Credit: MACMILLAN

Degeneration of an axon distal to the injury site — termed Wallerian degeneration — is thought to involve an active process that is similar to apoptosis, but direct evidence for the existence of such an axon death pathway has remained elusive. Now, Freeman and colleagues show that the loss of function of the gene dSarm (also known as Ect4) in Drosophila melanogaster or its orthologue Sarm1 in mice protects against injury-induced axon death, suggesting that Wallerian degeneration is indeed driven by a dedicated, and conserved, axonal death programme.

The authors first conducted extensive screens of fly mutations that are known to affect apoptosis, autophagy or other well-characterized cell death pathways to see whether they could also inhibit Wallerian degeneration. None of these mutations seemed to suppress this process, so the authors performed a forward genetics screen from which they identified three mutant lines of flies that demonstrated axonal preservation for weeks after axotomy. These levels of preservation rivalled those seen in D. melanogaster harbouring the WldS mutation — a gain of function mutation that protects against Wallerian degeneration. Importantly, apoptotic processes were preserved in all three mutant lines.

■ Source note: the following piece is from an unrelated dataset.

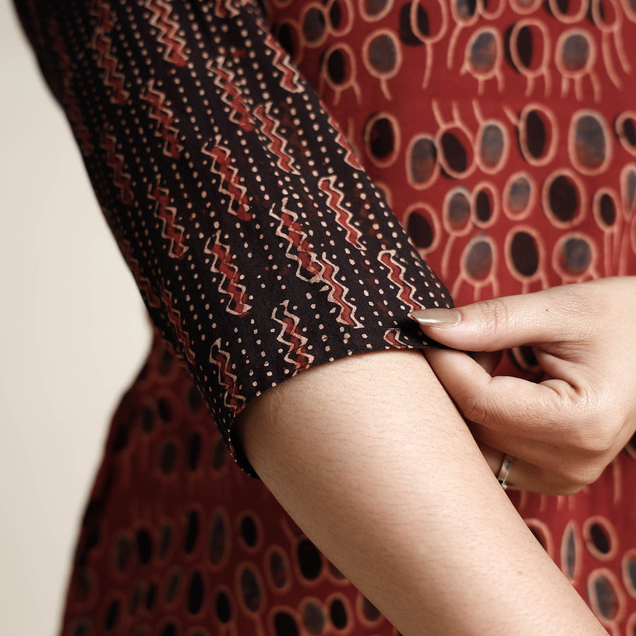 Look and feel beautiful in this uniquely designed ajrakh hand block printed cotton long kurta with palazzo & dupatta set made using natural dyes. This suit set contains a cotton kurta, palazzo, and cotton dupatta. The kurta has one side pocket, and the palazzo has two side pockets. This cotton suit makes you comfortable with ease all day long. This suit is perfect for your daily outing and for a special occasion.

Next, using small chromosome deficiencies and next-generation sequencing technology, the authors identified the gene underlying the phenotypes of these three mutated flies as dSarm. Expression of a full-length dSarm cDNA in these mutants ablated the suppression of axonal degeneration, confirming that the phenotypes of axonal preservation in these flies result from the loss of function of dSarm.

The authors then examined Sarm1−/− mice and found that cultures of superior cervical ganglia, cortical neural axons and dorsal root ganglia from these animals all exhibited robust protection from degeneration up to 72 hours after axotomy, similar to neuronal cultures from WldS mice. Moreover, in vivo, lesioned axons in Sarm1−/− mice were protected from destruction for at least 14 days after injury, which was attributed to a concomitant suppression of macrophage and monocyte infiltration.

Together, these data show that dSarm/Sarm1 is a component of a specific axonal death programme that is triggered following axotomy and seems to be conserved from flies to mammals.